Las hormonas son expulsadas directamente a la sangre en respuesta a un estimulo del sistema nervioso. Según los niveles específicos en la sangre de glucosa, sodio, agua, otras hormonas, calcio y otras sustancias, el sistema endocrino envía las hormonas necesarias.
Las hormonas viajan por todo el organismo y en su camino encuentran ciertos receptores específicos uniéndose a ellos y produciendo una acción o reacción especifica; por ejemplo la insulina (hormona producida por el páncreas) se asocia a la glucosa (receptor) para que esta pueda ser asimilada por las células. Sin la insulina, las células no podrían asimilar la glucosa.

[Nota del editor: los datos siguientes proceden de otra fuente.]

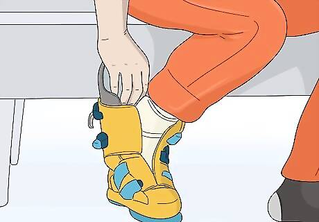 Put on your ski boots. This can be hard if this is your first time, so be careful. First, undo all the fastening and flip the flap down so you can easily step your foot in. Slide your foot smoothly into the boot. Start by wiggling your toes inside, and then step down hard on your heel. It will be tight when you put your foot in, as a ski boot’s top is usually quite hard and tight. If you are having difficulties, consider stretching the sides of your boot and then put your foot in.

Las glándulas endocrinas más importantes son: la tiroides, la pituitaria, las para tiroides, el timo, las suprarrenales, el páncreas, y las gónadas (ovarios en las mujeres y testículos en los hombres). Y también otros órganos producen hormonas como el cerebro, los rIñones, los pulmones, el corazón y el intestino.

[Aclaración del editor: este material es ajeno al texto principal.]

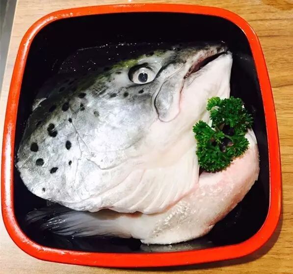 鱼头盛宴,11.99块,半个处理好的,洗干净的三文鱼头,划算,超大半个。菜场买半个胖头鱼估计也比它贵,这居然还是三文鱼!
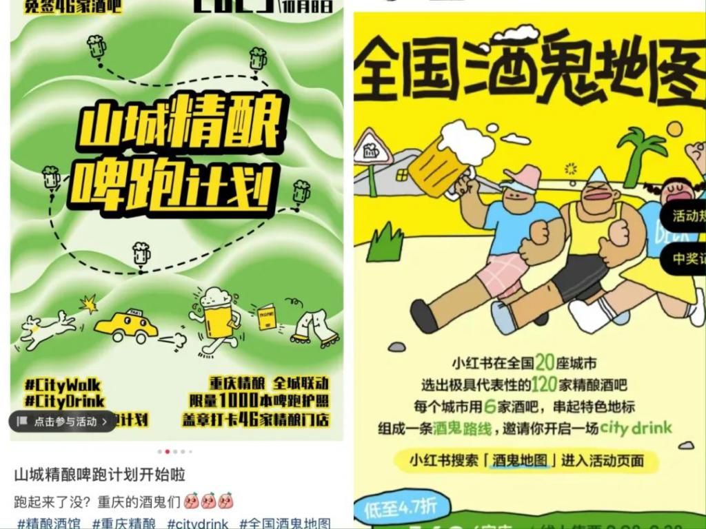 从 9 月初开始,一张 " 全国酒鬼地图 " 在小红书上频频出现,由小红书和全国 120 家精酿酒吧合作发起的 City drink 活动吸引了诸多年轻人参与。在小红书上," 全国酒鬼地图 " 话题下已有 1076.6 万次浏览,而涉及的 20 座城市还衍生出了相关话题,其中 " 重庆酒鬼地图重 " 话题下就已有 20 万余次浏览量。

Debido a que el sistema endocrino está íntimamente relacionado (interconectado), los cambios en una de las glándulas ocasionan cambios en todo el sistema que permiten mantener el equilibrio del sistema mismo.
El páncreas produce la hormona llamada insulina encargada de que la glucosa pueda ser absorbida y asimilada por las células, de tal forma que después de una comida, se elevan los niveles de glucosa lo cual hace que el páncreas produzca insulina con la cual el organismo absorbe la glucosa y la pasa a la sangre. Esta a su vez distribuye la glucosa por todas las células y una vez más la insulina contribuye facilitando que estas puedan asimilar la glucosa.